__Task instructions__:
Find the line with "WraptorSkinz Skin compatible" and the line with "女子向けラノベタイトル風あだ名 | 『悪役おおただいきに転生したようですが、知った事ではありません』 |" in the entries below; output exactly those two lines, every line between them, and no others.

:: Records for this exercise ::

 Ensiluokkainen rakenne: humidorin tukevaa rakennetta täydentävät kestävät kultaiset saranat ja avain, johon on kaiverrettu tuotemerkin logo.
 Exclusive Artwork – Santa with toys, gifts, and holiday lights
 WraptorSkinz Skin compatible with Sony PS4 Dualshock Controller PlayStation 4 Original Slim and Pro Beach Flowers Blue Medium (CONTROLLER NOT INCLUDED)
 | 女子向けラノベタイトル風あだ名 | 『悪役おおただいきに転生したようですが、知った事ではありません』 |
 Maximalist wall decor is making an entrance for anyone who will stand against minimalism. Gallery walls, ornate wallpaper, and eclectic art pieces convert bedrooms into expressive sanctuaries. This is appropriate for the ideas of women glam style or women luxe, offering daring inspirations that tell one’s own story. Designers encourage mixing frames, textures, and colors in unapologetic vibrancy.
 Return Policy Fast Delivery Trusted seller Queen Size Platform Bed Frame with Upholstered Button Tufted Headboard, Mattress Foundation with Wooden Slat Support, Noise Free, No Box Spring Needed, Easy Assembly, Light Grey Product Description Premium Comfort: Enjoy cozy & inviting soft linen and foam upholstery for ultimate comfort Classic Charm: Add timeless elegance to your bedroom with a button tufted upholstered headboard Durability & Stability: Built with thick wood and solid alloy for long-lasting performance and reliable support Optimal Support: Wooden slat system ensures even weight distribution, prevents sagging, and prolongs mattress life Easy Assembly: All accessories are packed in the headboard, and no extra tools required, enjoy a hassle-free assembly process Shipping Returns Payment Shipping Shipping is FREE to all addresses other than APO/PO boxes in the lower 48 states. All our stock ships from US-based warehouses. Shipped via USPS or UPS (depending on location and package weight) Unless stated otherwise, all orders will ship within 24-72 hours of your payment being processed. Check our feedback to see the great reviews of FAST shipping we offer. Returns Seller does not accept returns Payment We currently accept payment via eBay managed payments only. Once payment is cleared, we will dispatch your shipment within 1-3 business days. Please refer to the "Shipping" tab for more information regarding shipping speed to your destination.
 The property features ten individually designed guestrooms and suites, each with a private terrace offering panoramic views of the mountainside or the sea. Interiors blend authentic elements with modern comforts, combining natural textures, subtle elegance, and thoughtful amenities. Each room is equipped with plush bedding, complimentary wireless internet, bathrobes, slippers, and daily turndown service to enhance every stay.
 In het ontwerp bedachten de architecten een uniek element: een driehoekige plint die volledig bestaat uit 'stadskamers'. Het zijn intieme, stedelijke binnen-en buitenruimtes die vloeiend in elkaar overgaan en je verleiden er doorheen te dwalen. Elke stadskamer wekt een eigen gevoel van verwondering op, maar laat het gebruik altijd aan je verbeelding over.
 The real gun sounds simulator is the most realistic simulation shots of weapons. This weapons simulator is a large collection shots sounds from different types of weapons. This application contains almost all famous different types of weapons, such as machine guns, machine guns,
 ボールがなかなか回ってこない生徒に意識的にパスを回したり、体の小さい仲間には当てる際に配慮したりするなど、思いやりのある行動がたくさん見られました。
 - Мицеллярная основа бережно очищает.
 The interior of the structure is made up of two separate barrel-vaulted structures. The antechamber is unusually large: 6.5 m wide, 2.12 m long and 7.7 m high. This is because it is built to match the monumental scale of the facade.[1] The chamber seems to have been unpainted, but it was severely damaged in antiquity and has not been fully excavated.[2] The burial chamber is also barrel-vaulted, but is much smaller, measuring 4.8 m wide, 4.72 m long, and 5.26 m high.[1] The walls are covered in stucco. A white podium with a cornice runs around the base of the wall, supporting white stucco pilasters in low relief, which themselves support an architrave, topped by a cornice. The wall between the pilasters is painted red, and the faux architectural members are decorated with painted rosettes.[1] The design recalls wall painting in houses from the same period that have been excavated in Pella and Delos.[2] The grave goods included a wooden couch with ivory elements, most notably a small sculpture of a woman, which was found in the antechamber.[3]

:::

__Written response__:
 WraptorSkinz Skin compatible with Sony PS4 Dualshock Controller PlayStation 4 Original Slim and Pro Beach Flowers Blue Medium (CONTROLLER NOT INCLUDED)
 | 女子向けラノベタイトル風あだ名 | 『悪役おおただいきに転生したようですが、知った事ではありません』 |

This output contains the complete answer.